Folly - The Faceboook open source library

tptacek · on June 3, 2012

This is all pretty great stuff. Make sure you read through the docs; I'm unlikely to use Fb's C++ code, but I'm sure as hell going to look at making my C vector code do some of what FBVector does:

https://github.com/facebook/folly/blob/master/folly/docs/FBV...

chrisaycock · on June 3, 2012

I poured through the FBVector code because of your comment. It has some really interesting tricks. In a normal array allocation, it always goes for the next-largest-size in the jemalloc memory hierarchy. That is, it goes for multiples of 64 bytes, 256 bytes, 4 KB, or 4 MB. This makes the array cache-efficient.

The push_back() semantics features the standard array doubling technique, but only up to 4 KB; jemalloc can't grow in-place anything smaller than this, so a copy is required. Beyond that cut-off, push_back() will instead grow by 1.5 times the capacity to prevent too much "slack" memory from accumulating.

stianan · on June 3, 2012

Out of curiosity, are you unlikely to use the code because it's C++ or because it comes from Facebook?

tptacek · on June 3, 2012

tomjen3 · on June 3, 2012

I realise this is a dangerous subject, but I am genuinly curious: given the business you run and the work you do for the Freebsd team, why would you object to using c++, but not c?

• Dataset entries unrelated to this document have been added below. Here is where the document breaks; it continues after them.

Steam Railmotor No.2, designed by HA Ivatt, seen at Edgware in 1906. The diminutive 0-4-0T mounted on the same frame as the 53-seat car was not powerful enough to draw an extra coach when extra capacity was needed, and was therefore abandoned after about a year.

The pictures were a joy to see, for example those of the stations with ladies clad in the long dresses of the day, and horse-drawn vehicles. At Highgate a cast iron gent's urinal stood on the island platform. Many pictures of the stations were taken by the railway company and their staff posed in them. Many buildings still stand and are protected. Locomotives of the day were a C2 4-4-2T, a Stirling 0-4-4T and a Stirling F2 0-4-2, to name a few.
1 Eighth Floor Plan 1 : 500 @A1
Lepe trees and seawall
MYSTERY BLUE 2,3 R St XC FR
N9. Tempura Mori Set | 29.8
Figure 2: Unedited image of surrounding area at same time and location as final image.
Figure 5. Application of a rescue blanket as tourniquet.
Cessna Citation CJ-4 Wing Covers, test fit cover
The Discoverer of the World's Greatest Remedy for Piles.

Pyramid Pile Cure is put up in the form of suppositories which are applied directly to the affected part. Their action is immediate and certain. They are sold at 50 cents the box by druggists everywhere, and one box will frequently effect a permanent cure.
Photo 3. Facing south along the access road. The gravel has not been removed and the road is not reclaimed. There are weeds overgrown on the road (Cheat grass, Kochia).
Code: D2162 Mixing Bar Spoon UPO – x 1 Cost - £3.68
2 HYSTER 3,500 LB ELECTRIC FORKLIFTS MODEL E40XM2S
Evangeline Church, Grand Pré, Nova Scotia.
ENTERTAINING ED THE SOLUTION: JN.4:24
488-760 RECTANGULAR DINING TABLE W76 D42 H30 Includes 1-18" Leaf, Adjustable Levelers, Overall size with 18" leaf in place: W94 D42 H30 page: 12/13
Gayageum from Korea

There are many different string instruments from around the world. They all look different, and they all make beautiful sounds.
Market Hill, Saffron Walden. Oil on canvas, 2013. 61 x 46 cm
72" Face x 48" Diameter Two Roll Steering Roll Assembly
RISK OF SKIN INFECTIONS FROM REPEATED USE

I could understand why you would object to both, but why only the lower level language.

seiji · on June 3, 2012

Personally, I can't keep all of how C++ works in my brain at once. Most people end up limiting themselves to a "sane subset" of C++ to compensate for spec sprawl. But, everybody picks a different subset, so you can quickly stumble on things you think you know but don't work quite right when working on non-self-originated code.

cperciva · on June 3, 2012

given the business you run and the work you do for the Freebsd team

Are you getting confused between tptacek and me?

tptacek · on June 3, 2012

Hey, why don't you use C++? :)

cperciva · on June 3, 2012

I think Tavis put it best: C is easier to audit because it's transparent. With C++ you can have innocuous-looking source code and have the compiler doing all sorts of crazy things behind your back.

tptacek · on June 3, 2012

I don't work for the FreeBSD team.

joe_the_user · on June 3, 2012

Hmm,

I recently created a private memory allocator so the discussion on the page is somewhat interesting...

Only a tiny minority of objects are genuinely non-relocatable:

Hmm, I'm not exactly what is meant here. Moving a block of memory from here to there in the most general case will leave your pointers dangling and crash you in no short order. Things that pointed to the data you moved just don't any more. If you are disciplined and don't have raw pointers in the block moved, you're good. But as far as I know, that situation requires a very complete understanding of the data in the block you are moving. You can do that. It's just not easy or something that makes sense to stuff "anything" into.

dreiss · on June 3, 2012

If your object is in a vector, it's already possible for the vector to move the object without updating any pointers to it. The only question is whether it is safe for the vector to move the object with memmove instead of invoking a copy/move constructor, essentially skipping the step of telling the object that it is being moved. This will only fail if the object contains pointers to its own sub-objects (or the move constructor updates external pointers). This is fairly rare, especially for objects that you would store directly in a vector.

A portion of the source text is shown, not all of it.